While the SEC has previously faulted exchanges for misconduct by employees, yesterday’s action marks the first time the agency has fined an exchange for having inadequate systems that violated securities rules.

Direct Edge Holdings LLC and two electronic exchanges it operates were faulted by the SEC last year for having weak controls that led to about $2.8 million in trading losses and a systems outage. Bats Global Markets Inc., the third-largest U.S. exchange operator, said in February that it received a request from the SEC for information on its use of order types and “communications with certain market participants.”

Technology Issues

NYSE Euronext completed systems modifications in 2010 and 2011 that eliminated the technology issues that were the subject of the investigation, according to its statement. The company, which didn’t admit or deny wrongdoing, also agreed to hire an independent consultant to assess its compliance systems.
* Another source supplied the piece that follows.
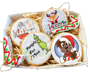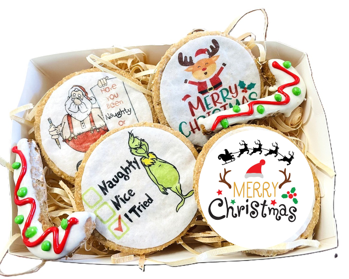 Festive dog treats made with wholemeal flour, cinnamon, and ginger. Includes four Christmas picture cookies and two candy canes. Store in a cool, dry place for up to six months.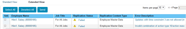 The Data Replication Monitor shows the status of the employee replication and allows you to monitor the replication activities. For any replications in Failed status, you can view the error messages and make note of any issues that need to be fixed (Figure 3). If the issue is on the Employee Central side, once you update the employee record, the employee replication process is automatically re-triggered. If the issue is on the SAP ERP HCM system side (e.g., a mapping issue or missing configuration), once it’s been fixed, select the Employee Name and click the Send button to trigger the replication process.

“As investors and traders we need to understand that information is being distributed fairly and equally to the market,” Larry Tabb, chief executive officer of research firm Tabb Group LLC in New York, said in an interview. “Depending upon the investment style of different investors, the time delay may not be material, but we can’t have a market where structural inequalities present the optics that one class of investors has an advantage over another.”